Diagnosing the problem is difficult, so let me make some observations in order of importance, I think:
- Most reporters don't know enough about their own religion, if they have one, to write intelligently about it. Now throw them into a story about Jainism or Wicca and watch them try to understand the vocabulary and basic concepts. People with degrees in journalism tend to know a lot about journalism, a little about their own faith, and nothing about other faiths. Think America post-9/11 when we were trying to understand Shia and Sunni and Wahhabi.
- Editors don't often know what to do with religion stories because they've been given the task of assigning a reporter to explain something in 500 or 750 words, but the background information necessary to make sense of the context is not present in the audience. A reporter doesn't have to say, "Barrack Obama is a bi-racial senator from Illinois running for President..." every time she writes a piece about Obama. The background information of Democrat, Republican, Senator, President, race relations, etc., are all present to greater or lesser degrees in the audience. To do a story about Buddhism, the audience may need to understand karma, samsara, meditation, eight-fold path, four jewels, etc. That works well in SE Asia, not SE Oklahoma.

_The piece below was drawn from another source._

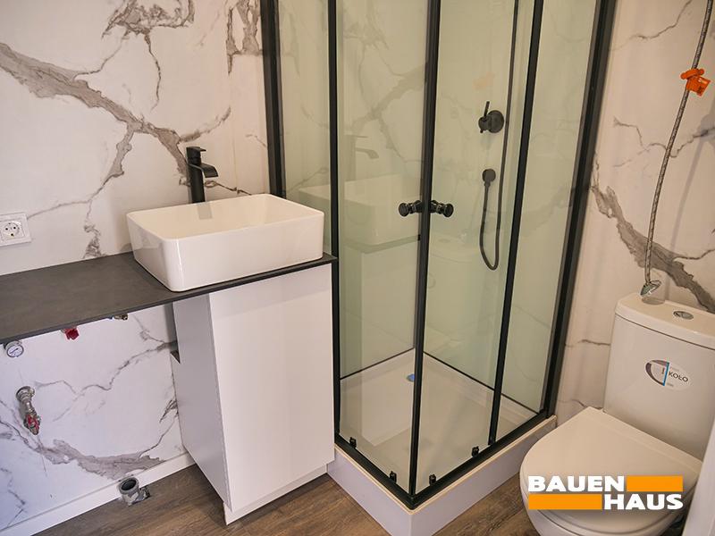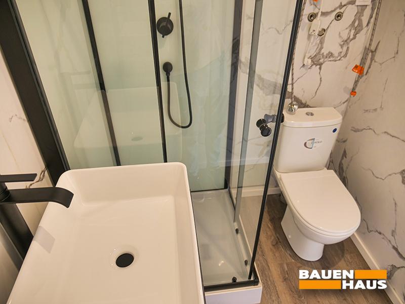 І, нарешті, санвузол який у свою невелику площу в 3,3 м² вміщує, душову кабіну, бойлер, умивальник, унітаз, та навіть місце для пральної машини. Стіни з SPC плити з імітацією під мармур.

- Religion sheets are tied to advertising budgets. It's a fact. Sorry. The Oklahoman just shut down a weekly one-sheeter that had run on the back of the food section for at least five years. It just so happens that one of our local ken and barbie megachurches took out a fifth-page ad every week. They must have stopped because the page went away.
- Religion news has been too preoccupied with PR for churches and saviors. Positive news is good. I believe that. But I also don't care that First Old Person Church is celebrating their 125th anniversary, nor do I care that First Shitty Music Church has a new organ. Religion reporting requires a certain amount of cyncism to be good. Christians, Muslims, Buddhists, atheists, even Urantians, are all capable of lying, and the tendency to lie and obfuscate increases as the responsibility in the faith community or hierarchy increases. But it also requires a certain amount of respect for differences. We have a reporter here in OKC that seems to think her sole responsibility is to ensure that Jesus gets more ink that Buddha. Fine, and you can make an argument that we're about fifty percent "Christian" around here, but there should be some correspondence between percentage of audience and percentage of coverage: 98 to 2 is not cutting it.
- Religion reporting requires that editor, reporter, and audience understand why the story is important. How is it that our Presidential candidates are forced to answer inane questions about what Jesus means to them but we can't figure out how to make religion reporting relevant? Can't explain its impact? It's possible that all forms of religion have become so privatized, except for the civil variety that we trot out every 4th of July and every election cycle, that we are incapable of understanding how religion becomes news because we no longer believe religion motivates anyone to do anything but pick a political side. This is obvious when we read otherwise excellent magazines like The New Yorker or Atlantic and see caricatures of Christians we know. The media is guilty of elevating spokespersons to that status because they say stupid or inflammatory shit. That doesn't mean they speak for all people in the community of faith, but people in the community of faith have to help editors understand why religion reporting is important. Right now, I'm pretty sure that neither editors nor practitioners think it is.